Net Farm Income Projected Lower for 2023 and Beyond with the Forecasted Commodity Reset

The trend of lower net farm income farmers are seeing for 2023 looks like it could continue into next season.

The trend of lower net farm income farmers are seeing this year looks like it could continue into next season with projected lower grain prices and a commodity reset taking place similar to 2013. However, experts say the difference is farmers are facing more volatility and higher expenses.

After tight supplies and strong row crop prices for the 2022-23 marketing year, the markets may see a reset. Matt Erickson, ag economist with Farm Credit Services of America says even with drought in nearly half the corn belt, corn production is forecast to rebound. “On the domestic side where we’re expected to have plenty of corn this year. We look at what USDA put out in the August WASDE, 15.3% stocks to use ratio that’s above the 10-year average.”

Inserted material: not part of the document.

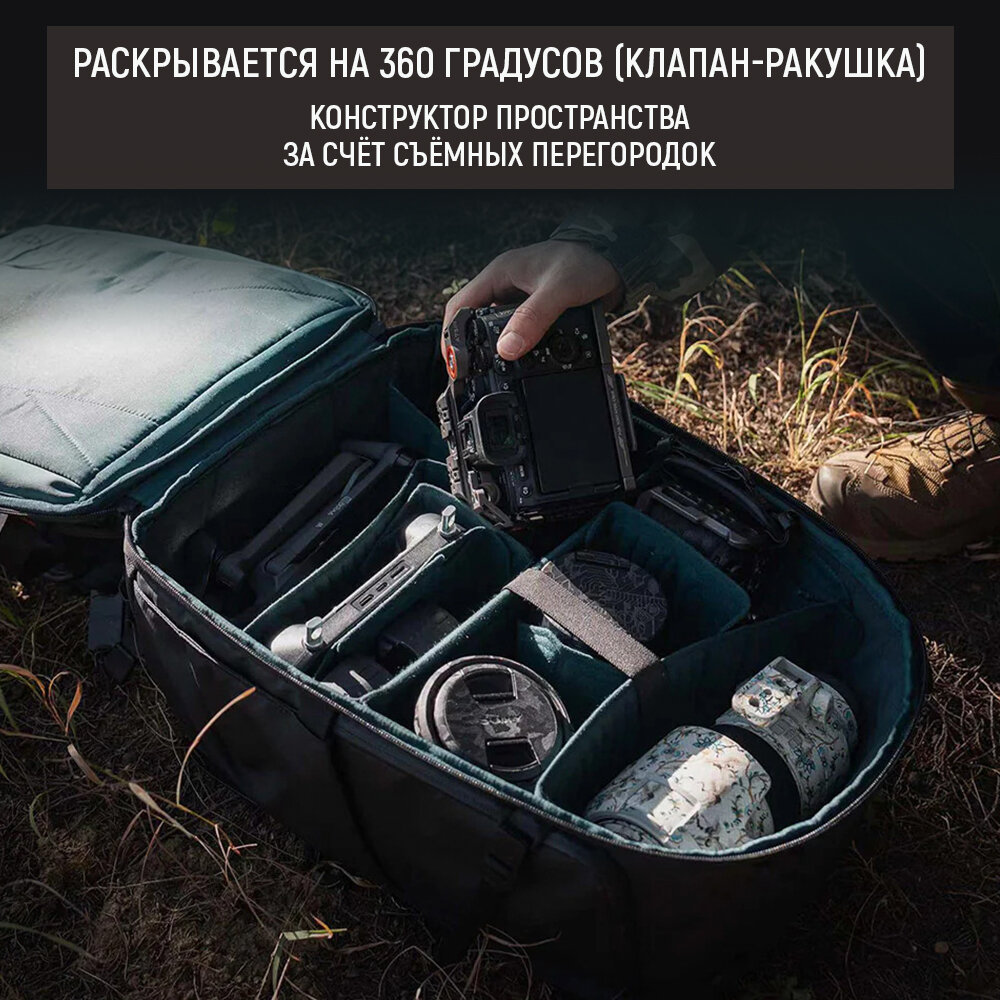 | Особенности | быстрый доступ, вентилируемая спинка, возможность организации внутреннего отсека, дождевик в комплекте, защита от воды, крепление для штатива, место для дополнительного объектива, отсек для личных вещей, плечевой ремень, ручка для переноски |

And projected corn ending stocks at 2.2 billion bushels are above the 10-year average of 1.7 billion bushels. He says it will be hard to make a dent in that. “It would take yields to get down to about 169.7 bushels per acre to get down to that 10-year average.”

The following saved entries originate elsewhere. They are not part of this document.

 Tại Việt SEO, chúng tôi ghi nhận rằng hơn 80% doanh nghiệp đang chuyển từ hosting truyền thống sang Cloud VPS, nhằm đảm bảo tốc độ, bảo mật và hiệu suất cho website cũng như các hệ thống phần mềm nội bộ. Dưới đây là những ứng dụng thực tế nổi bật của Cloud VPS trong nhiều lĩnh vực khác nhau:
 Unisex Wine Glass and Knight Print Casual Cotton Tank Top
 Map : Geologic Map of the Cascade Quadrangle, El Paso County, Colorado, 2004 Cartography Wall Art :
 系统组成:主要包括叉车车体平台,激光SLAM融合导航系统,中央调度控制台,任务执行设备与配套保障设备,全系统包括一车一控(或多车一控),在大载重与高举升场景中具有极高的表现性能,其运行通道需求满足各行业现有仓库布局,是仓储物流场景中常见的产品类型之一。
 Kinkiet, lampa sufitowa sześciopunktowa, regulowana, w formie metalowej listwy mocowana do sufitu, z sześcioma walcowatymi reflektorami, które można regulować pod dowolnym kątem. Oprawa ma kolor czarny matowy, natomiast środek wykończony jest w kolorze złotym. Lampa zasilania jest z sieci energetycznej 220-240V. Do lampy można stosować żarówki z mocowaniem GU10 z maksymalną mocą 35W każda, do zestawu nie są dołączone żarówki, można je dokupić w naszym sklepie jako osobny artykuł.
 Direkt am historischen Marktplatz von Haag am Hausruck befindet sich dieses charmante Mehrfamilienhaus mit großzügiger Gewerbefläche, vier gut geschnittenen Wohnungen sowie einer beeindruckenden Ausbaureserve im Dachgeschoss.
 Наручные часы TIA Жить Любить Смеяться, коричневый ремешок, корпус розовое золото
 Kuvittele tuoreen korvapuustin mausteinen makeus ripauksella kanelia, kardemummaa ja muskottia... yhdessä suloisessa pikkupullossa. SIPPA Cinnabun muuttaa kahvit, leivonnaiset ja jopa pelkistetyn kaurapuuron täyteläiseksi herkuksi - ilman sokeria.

For soybeans, the U.S. balance sheet is tight, but South American competition may be a headwind. Erickson says, “Soybeans you know 5.8% stocks to use ratio that’s below the 10-year average, but we also have to look at the situation internationally. On soybeans we have plentiful soybeans if the 2023-24 crop is projected as estimated.”

Higher production costs also hit net farm income this year with record high inputs, which may continue.

Tony Jesina, vice president of insurance with Farm Credit Services of America, says, “Aside from fertilizer, all your other input costs are probably either stable or increasing. Cash rates haven’t come down yet seed prices rarely come down. Interest rates are up, family living expenses are probably not going to come down with what we see for inflation.”

And so, farmers balance sheets may look different from the past few years. He says, “Well for margins it obviously depends on the cost of production put its obviously going to narrow your margins.”

Both say the commodity reset is similar to 2013 in some ways, but there’s added volatility with black swan events making risk management more important.